“Never Mind The Bollocks Here’s The Sex Pistols” is the most important record made in my lifetime; It’s the greatest rock ‘n’ roll record made in my lifetime; you can disagree with me if you want, but you’re wrong; you can trot out the “but they can’t play” BS if you like, it just tells me you’re not listening. “Never Mind The Bollocks…” changed EVERYTHING ! Without “Never Mind The Bollocks…” specifically and Punk Rock in general the musical landscape we have today would be very, very different. I can only offer in evidence of its importance to me that I own 3 copies, a 1977 blue label Virgin issue, the 1978 Picture Disc release and the 25th Anniversary limited edition on Pink vinyl. One of a few albums important enough to me that I own multiple copies of them.

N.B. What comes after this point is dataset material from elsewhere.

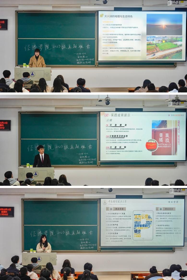 在“实践励志”主题分享环节,经济学院2023级三位本科生同学上台分享了自己寒假社会实践的经历和感悟。徐磐睿同学以“行走中国,解码乡土”为主题,从实践概括、成果展示、瞬间纪实、心得体悟四维度分享实践经历,他坦言:“社会实践如同解码中国的密钥,我们既要带着学术显微镜观察,更需怀揣人文温度倾听。”张逸飞同学则以参与乡村振兴调研的经历为例,呼吁“青年应扎根基层,用专业知识解决社会问题,以实际行动诠释青春担当”。罗淑涵同学介绍了所在团队与11位不同领域校友的深度访谈成果,团队通过对话科技研发、基层治理、文化传播等领域的青年先锋,系统梳理了新时代职业选择的内驱机制与挑战,为大学生职业规划提供了兼具家国情怀与实践价值的可行性建议。三位同学的精彩分享赢得了现场同学们的阵阵掌声,也激发了大家参与社会实践的热情和动力。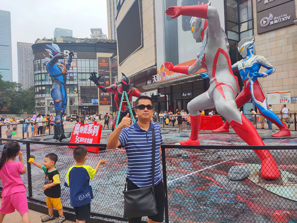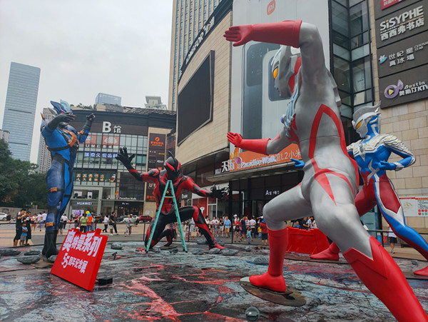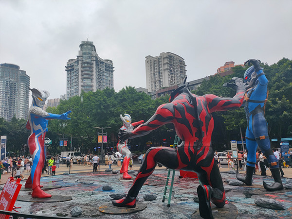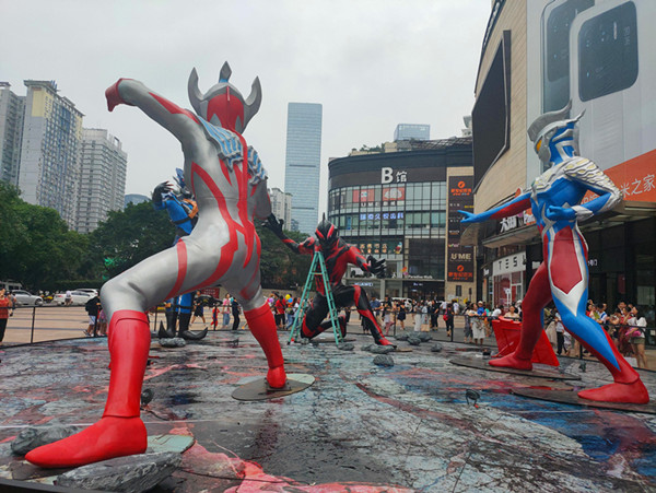 在时代天街A馆的英雄广场的5米对战雕塑群上,泰迦奥特曼、贝利亚奥特曼、托雷基亚奥特曼与贝利亚奥特曼集体现身

Today feels very much like 1976 inasmuch as the charts are full of soulless, harmless, moronic pap…wallpaper music, it’s just there but it doesn’t rock the boat, it just exists for its short lifespsan and then, rightly, is forgottngen about. Let me remind you of some of the big hits of 1976…Pussycat “Mississippi”, Mike Oldfield “In Dulce Jubilo”, Slik “Forever And Ever”, CW McCall “Convoy”, Laurie Lingo & The Dipsticks “Convoy GB” (FFS!), The Wurzels “Combine Harvester”, David Dundas “Jeans On”, Rick Dees & His Cast of Idiots “Disco Duck”, Paul Nicholas “Dancing With The Captain”…fuck me is it any surprise Punk Rock happened !
While Paul Nicholas was singing "This here's the plaice if you go the sole" (makes your heart sink doesn’t it ?) along comes this scrawny, scary looking 20 year old kid with spots and bad teeth screaming how he wants to “get pissed, destroy”…I know which one I’m going with.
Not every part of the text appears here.